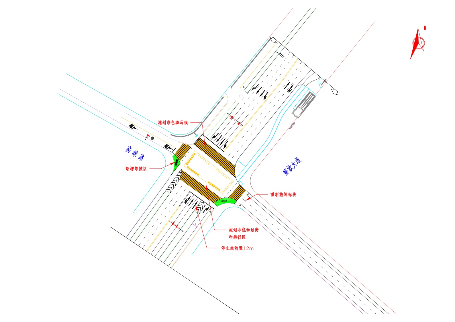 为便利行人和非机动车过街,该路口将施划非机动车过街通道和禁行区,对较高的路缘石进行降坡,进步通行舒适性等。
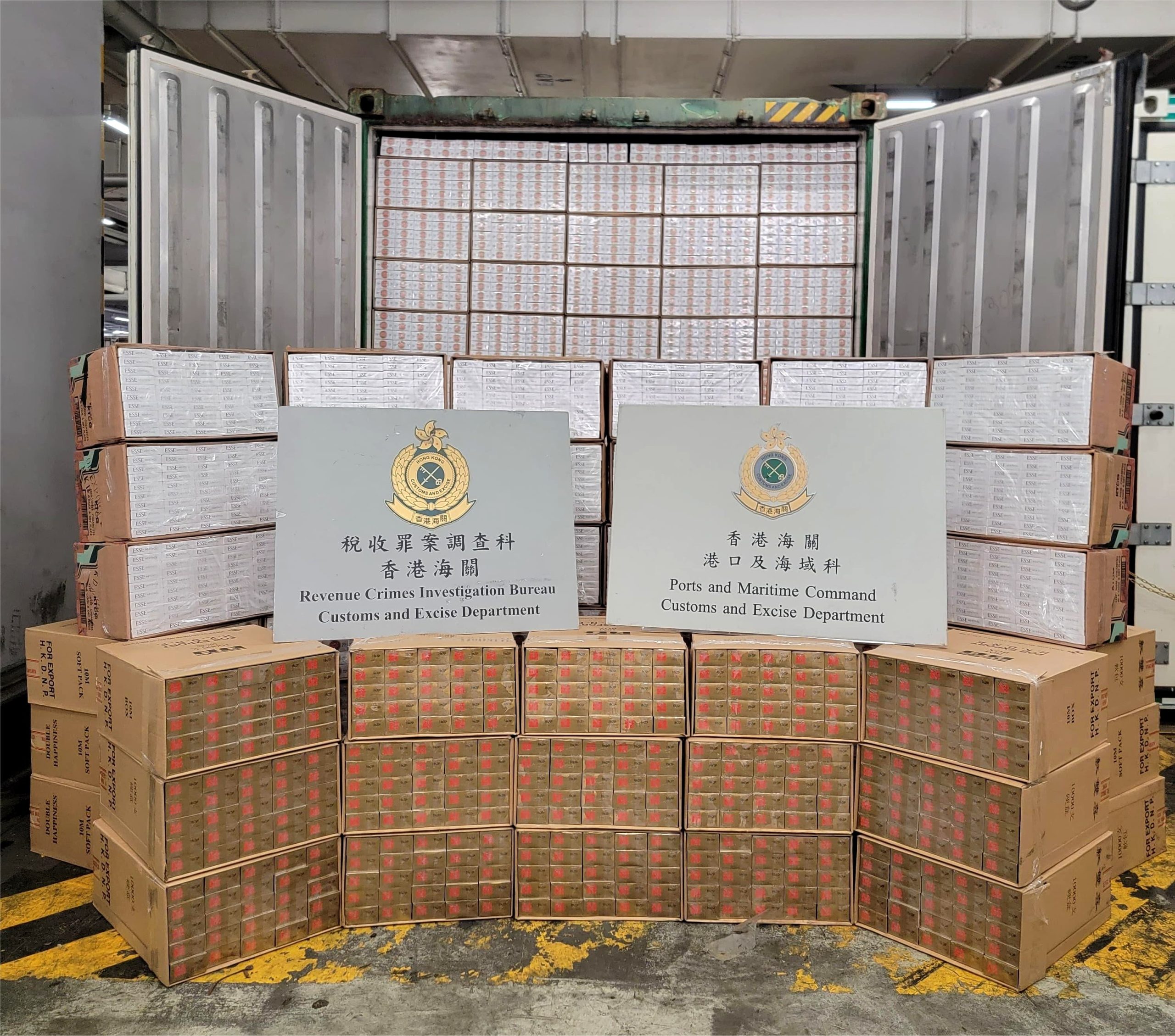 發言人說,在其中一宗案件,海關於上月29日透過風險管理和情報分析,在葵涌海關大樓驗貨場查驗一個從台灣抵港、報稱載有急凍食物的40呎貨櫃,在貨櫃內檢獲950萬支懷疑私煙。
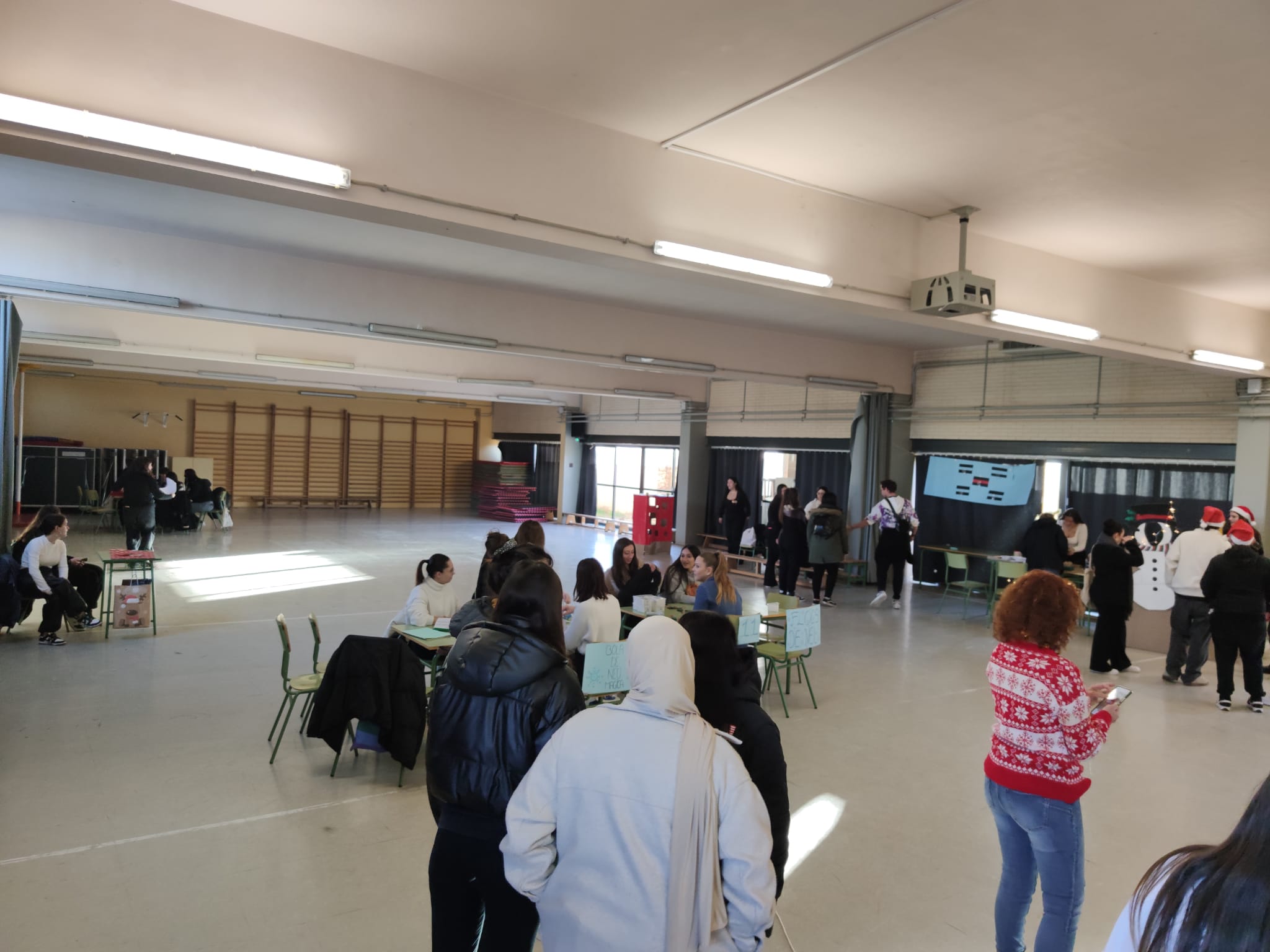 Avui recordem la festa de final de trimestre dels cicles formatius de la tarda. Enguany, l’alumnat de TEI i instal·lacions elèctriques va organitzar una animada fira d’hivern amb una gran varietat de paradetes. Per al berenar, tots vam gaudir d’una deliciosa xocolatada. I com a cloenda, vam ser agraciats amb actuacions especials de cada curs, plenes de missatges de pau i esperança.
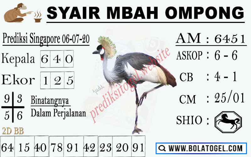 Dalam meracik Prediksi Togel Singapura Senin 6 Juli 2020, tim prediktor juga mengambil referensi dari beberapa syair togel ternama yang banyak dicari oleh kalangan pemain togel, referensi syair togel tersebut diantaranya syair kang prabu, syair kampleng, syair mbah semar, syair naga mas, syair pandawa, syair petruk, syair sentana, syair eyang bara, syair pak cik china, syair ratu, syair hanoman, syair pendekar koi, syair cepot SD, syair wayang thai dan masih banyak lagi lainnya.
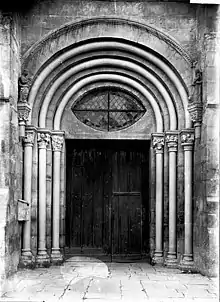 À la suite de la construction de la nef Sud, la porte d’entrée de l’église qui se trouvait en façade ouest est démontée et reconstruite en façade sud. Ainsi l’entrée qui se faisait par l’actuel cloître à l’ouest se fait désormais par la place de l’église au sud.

····················

[Problem to solve]
Nothing but the lines from the line containing "Dalam meracik Prediksi" through the last line of the records above should be written out, exactly and without the pictures.

[Answer section]
 Dalam meracik Prediksi Togel Singapura Senin 6 Juli 2020, tim prediktor juga mengambil referensi dari beberapa syair togel ternama yang banyak dicari oleh kalangan pemain togel, referensi syair togel tersebut diantaranya syair kang prabu, syair kampleng, syair mbah semar, syair naga mas, syair pandawa, syair petruk, syair sentana, syair eyang bara, syair pak cik china, syair ratu, syair hanoman, syair pendekar koi, syair cepot SD, syair wayang thai dan masih banyak lagi lainnya.
 À la suite de la construction de la nef Sud, la porte d’entrée de l’église qui se trouvait en façade ouest est démontée et reconstruite en façade sud. Ainsi l’entrée qui se faisait par l’actuel cloître à l’ouest se fait désormais par la place de l’église au sud.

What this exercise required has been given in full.